What is your brain hiding from you?

June 13, 2012

in Communication, Seeing Clearly

Lying brain © http://memegenerator.net

I was discussing weight loss with a friend who is also working to become less than he is. He commented he thinks he has the opposite of anorexia; he knows he has a good bit of weight to lose, but when he looks in the mirror, he does not see it.

It is interesting, in a rather disturbing way, that our brain can distort what we see when we look at ourselves. If our minds can fool us about how our bodies look, something we should be able to confirm or deny by looking in the mirror, how much more can it fool us about thoughts, feelings, and actions?

You think you have been kind and loving to your bride today – but your mind might be hiding things from you. She thinks she was respectful to you when you were out together, but her mind might be distorting things. When the two of you perceive something differently, it’s possible you are both wrong!

Anyone who works with couples quickly learns there are three versions of any interaction between a husband and wife; his version, her version, and what really happened. Which spouse is closer to reality can be difficult (or impossible) to determine. Additionally our brains distort some things more than others, so sometimes he is close to reality while she is not in the same zip code, while other times she is close and he misses it big time. We all have areas where we are reality challenged.

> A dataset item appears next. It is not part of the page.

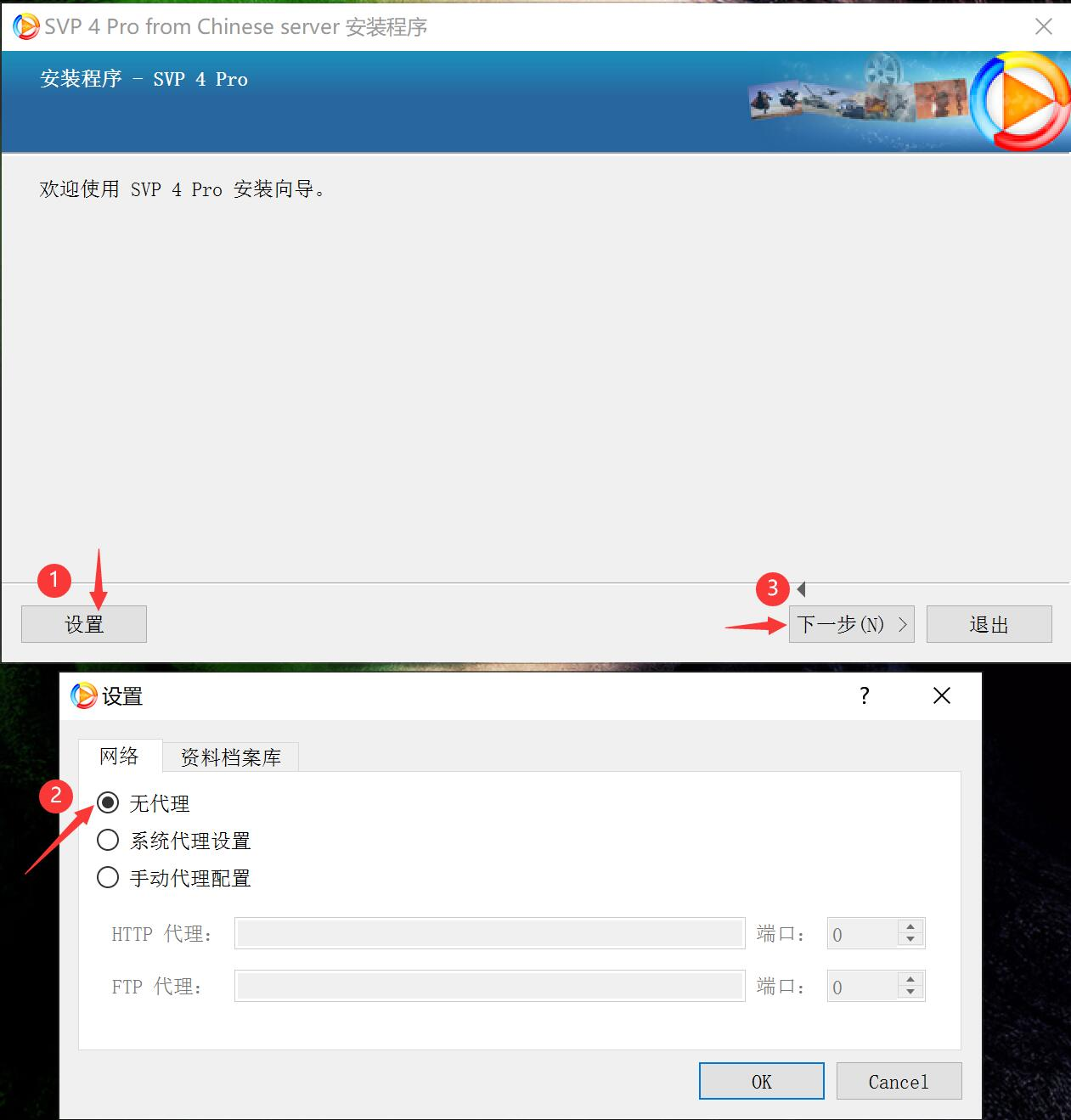SVP下载后获取到的软件为exe可执行文件,双击即可启动安装程序。安装第一步会联网获取一些内容,默认会使用系统代理,导致没有速度。这里可以通过点击设置,修改为无代理。

The best thing you can do is accept the fact your brain distorts things, and you cannot see the distortion because the mind you use to judge it is the mind causing the distortion. Accept that sometimes you are closer to reality, and sometimes you bride is closer, and there is no way you can know, much less prove, you are right and she is whacked! Even a third party may not be much help if they must rely on one or both of you relaying your perception. It is sometimes helpful to describe an event as simply as possible to a friend; if you can keep your perspective out of it, they may see something you do not.

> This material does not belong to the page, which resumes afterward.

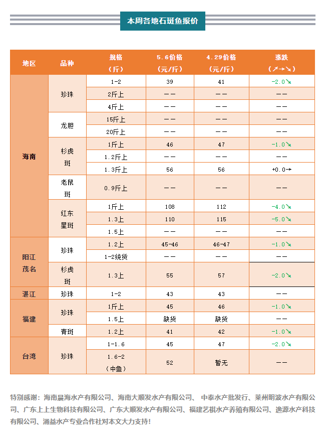 | 中國(guó)水產(chǎn)頻道原創(chuàng)報(bào)道, 節(jié)后石斑魚價(jià)格回落,市場(chǎng)交易量較低,近期價(jià)格或?qū)⒊掷m(xù)波動(dòng) 文/ 水產(chǎn)前沿 何鴻浩 行情簡(jiǎn)析 海南地區(qū):本周海南地區(qū)的石斑魚價(jià)格出現(xiàn)較大幅度的回落,最高跌幅達(dá)5元/斤。珍珠1斤上規(guī)格39元/斤,下跌2元/斤。紅東星斑跌幅較大,1斤上規(guī)格報(bào)價(jià)108元/斤,下跌4元/斤,1.3斤上規(guī)格報(bào)價(jià)110元/斤,下跌5元/斤。衫虎斑小幅下跌,1斤上規(guī)格46元/斤,1.3斤上規(guī)格56元/斤。從業(yè)者表示,現(xiàn)在魚價(jià)都跌了,但節(jié)后掉價(jià)是正常情況,目前這個(gè)跌幅仍在可接受范圍內(nèi)。 廣東地區(qū):本周廣東地區(qū)石斑魚價(jià)格繼續(xù)回落。陽(yáng)江、茂名地區(qū)珍珠斑1.2斤上規(guī)格統(tǒng)貨報(bào)價(jià)45-46元/斤,下跌1元/斤。衫虎斑1.3斤上規(guī)格報(bào)價(jià)56元/斤。陽(yáng)茂從業(yè)者表示,節(jié)后這兩天基本沒出魚,估計(jì)魚價(jià)可能還會(huì)有1-2元/斤的波動(dòng)。 福建地區(qū):本周福建石斑魚價(jià)格略有波動(dòng),下跌1元/斤。目前,珍珠斑1斤上規(guī)格報(bào)價(jià)45元/斤,青斑1.2斤上規(guī)格報(bào)價(jià)41元。當(dāng)?shù)貥I(yè)者表示,主要還是沒生意,“五一”期間生意一般,節(jié)后更沒生意。雖然價(jià)格保不住,但也不會(huì)跌太多,還是有較大盈利空間的。總的來(lái)說,今年都能保持在40元/斤以上,價(jià)格還是不錯(cuò)的。 臺(tái)灣地區(qū):本周臺(tái)灣地區(qū)珍珠斑價(jià)格與上周相比,價(jià)格稍有回落,跌幅約1-2元/斤,小規(guī)格魚報(bào)價(jià)為45元/斤,中規(guī)格魚報(bào)價(jià)為52元/斤。業(yè)者表示,節(jié)后的市場(chǎng)很淡,成交量低迷,估計(jì)價(jià)格還會(huì)有所回落。 |

To work on such things as a couple, ask your bride to describe what she thinks is going on, and do the same from your perspective. This will show you the difference, but it does not help you know if either of you is close to reality. On-going discussion and trying to see things as your spouse sees them will help. Even if you don’t see it as she does, if you can learn to know how she will see certain things, you can work to avoid bad situations. Find different ways to do and express things. Look for ways of speaking and acting the two of you perceive closer to the same way. This is far more helpful, and far less aggravating, than endlessly arguing about who has a monopoly on reality.